慕椿又惊又吓,眼前昏昏沉沉,两耳嗡嗡作响,枷锁压着她动弹不得,在大理寺监牢将近三日不吃不喝,如今浑身上下一点力气也无……她仰起头,对着苏郁道:“郁公主……”
“怕了?”
慕椿点了点头:“饶了罪臣吧。”
苏郁笑了笑:“这求得也太敷衍了些,求我,好歹得有个求我的样子。”
慕椿想,要不是枷锁在身,我现在就给你三跪九叩了。
“罪臣……罪臣……”
慕椿还没说话,便眼前一黑,秀丽而凌乱的头重重垂下,整个人因为木枷的支撑跪倒在苏郁眼前。
苏郁一愣,生怕她是装死,拎着她的发看了看,果然昏过去了。瞅着自己手里头拎着的刑具,苏郁心里头顿时有些空荡荡的。
沈越走过来:“公主,这儿有水。”
苏郁转过身:“泼醒。”
一头冷水兜头泼了下来,顺着脸颊流到唇边,慕椿如降甘霖般舔了舔润湿唇舌。
“怎么这就给你吓昏了。

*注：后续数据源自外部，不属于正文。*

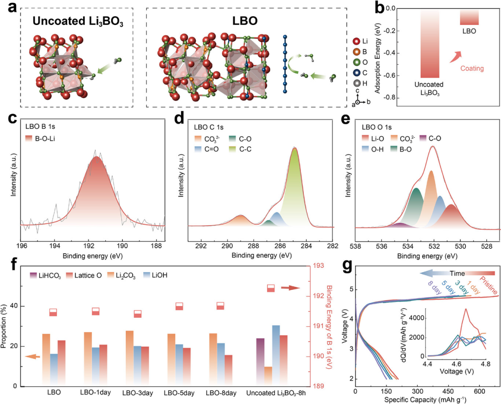图3.LBO的空气稳定性:a)未涂覆的Li3BO3和LBO表面H2O的吸附构型。b)未涂覆的Li3BO3和LBO表面H2O的吸附能;c-e)LBO的XPSB1s、C1s、O1s光谱;f)LBO、老化LBO和未涂覆的Li3BO3-8h的XPS光谱成分分析;f)原始LBO和老化LBO的初始电荷曲线(插入:此图中初始电荷曲线的dQ/dV与V曲线)。
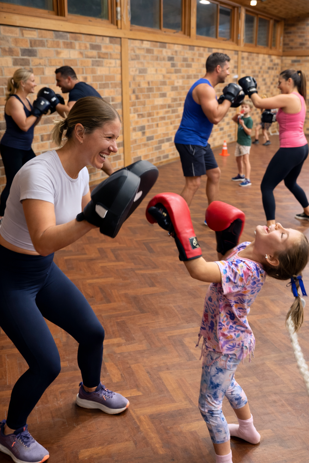 This class is very very social and a heap of fun. It includes: BOXING DRILLS, CORE & STRENGTH, ENDURANCE (or aerobic fitness).
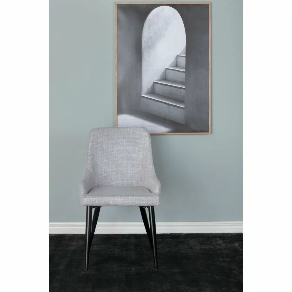 Ruokapöydän tuoli valmistettu metallista ja puusta, päällystetty polyesterikankaalla.
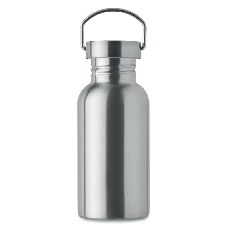 Jednostěnná láhev z recyklované nerezové oceli (90 % recyklovaná nerezová ocel a 10 % nerezová ocel) s víčkem s rukojetí. Neteče. Objem: 500 ml.
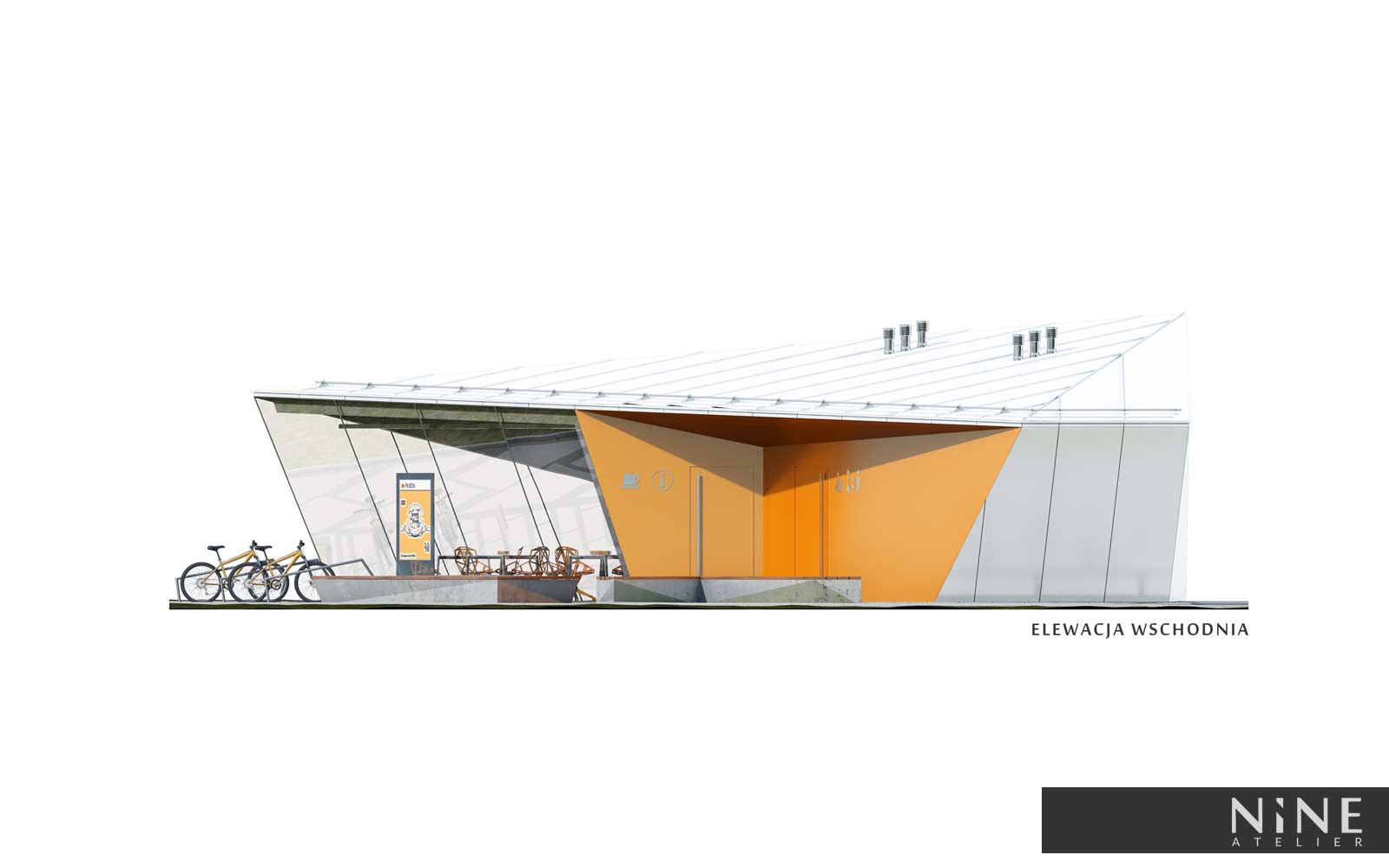 Forma obiektu jest wynikiem analizy otoczenia, kształtu działki, funkcji budynku, występujących w sąsiedztwie materiałów i kolorystyki oraz potrzeby zwiększenia atrakcyjności miejsca i przyciągnięcia mieszkańców do czynnego odpoczynku na świeżym powietrzu.
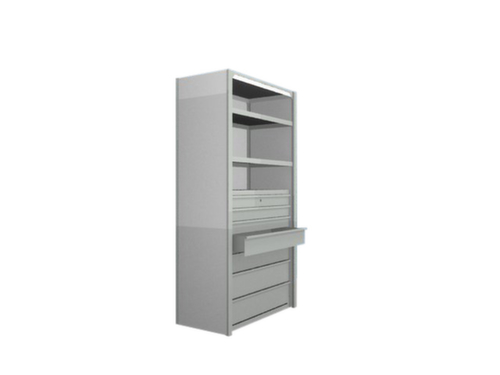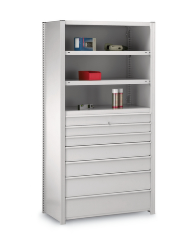 "metaDescription": "hofe Schubladenblock für Steckregal, Höhe x Tiefe 1025 x 438 mm - f. Steckregal, HxBxT 1025x918x438mm, RAL7035",
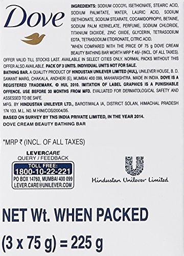 Details: Dove Cream Beauty Bar combines a gentle cleansing formula with Dove’s signature ¼ moisturizing cream to give you softer, smoother and more glowing skin. The mild cleansers help your skin to retain its natural moisture rather than stripping it away. This Dove bar even helps to replenish nutrients that are lost during the cleansing process – where a regular soap bar might leave your skin feeling dry and tight, a Dove White Bar leaves it feeling soft and smooth. It’s not a soap – it’s a beauty bar Washing with regular soap can cause skin to feel dry, tight and irritated as some cleansing ingredients strip skin of essential nutrients. What makes Dove different? Its gentle cleansers help your skin retain its natural moisture and its mild formula is kind to your skin. Dove is the No.1 Brand recommended by dermatologists in India. For best results, lather up your Dove Beauty Bar and massage the smooth, creamy lather over your face and body before rinsing thoroughly. For soft, smooth hands, you can also enjoy regular hand-washing throughout the day with your Dove bar. Soap may dry out your hands, but the classic moisturizing formula of Dove bars will leave skin softer, smoother and more glowing.
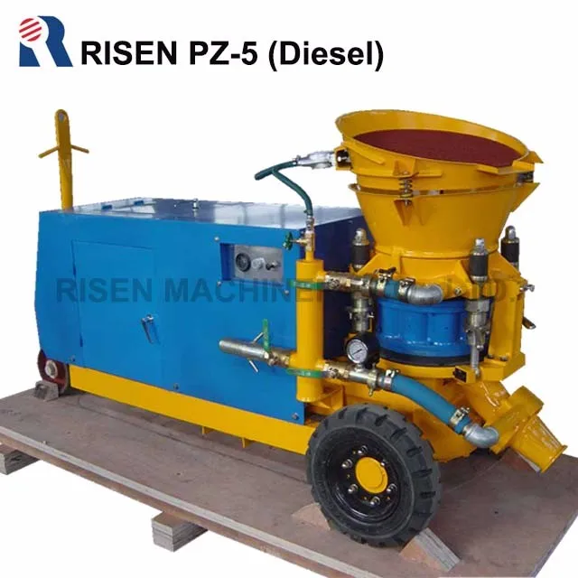 RISEN has engaged in the manufacturing and export of RISEN PZ-9 excellent dry and damp mix mobile shotcrete machine -shotcreting machine since 2004. Among RISEN PZ series, the PZ-9 is a large-size model with output 9m3/hour and is a very popular model, mainly applied for dry or damp mix shotcreting.
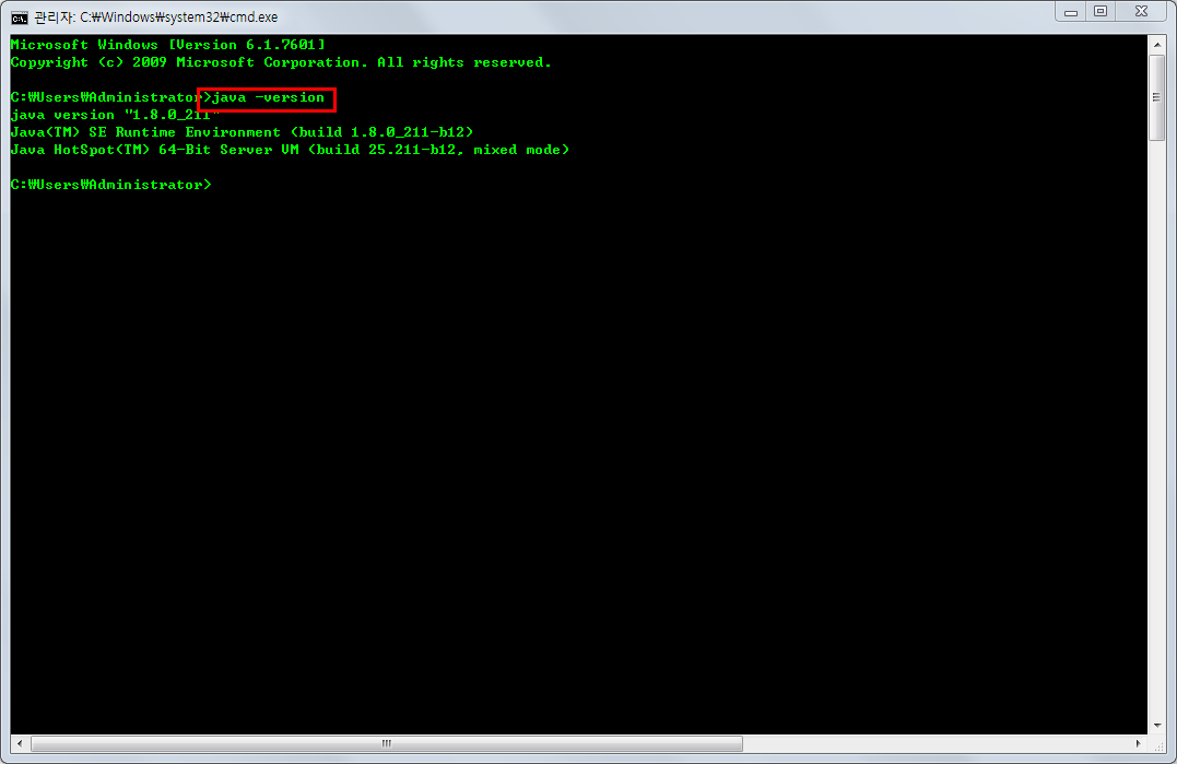 을 입력해서 자바 버전이 나온다면 정상적으로 등록된것입니다.

”苏郁捏着她的下颌,抹了把水,轻轻扇了扇慕椿的脸颊,“以为装死就能逃过去?”
慕椿有些失神地摇了摇头,水珠顺着额头滴落,白皙的容颜宛如出水芙蓉一般,纵然狼狈,也不失美感。
这也是苏郁不愿意她白白死在刑场上的原因。
一方面,她要好好折磨这个昔日的死对头泄愤,另一方面,她折磨够了,还要把慕椿据为己有。
“我……我……”慕椿叹了口气,“我饿……”
话落,又是一低头,再次昏了过去。
这次苏郁听得真真切切,她腹中一阵饥肠辘辘的声音。
背景架空,属于一个男女都可以为官当皇帝的时代。
苏郁24,慕椿22
前面有些微虐身情节,无伤大雅。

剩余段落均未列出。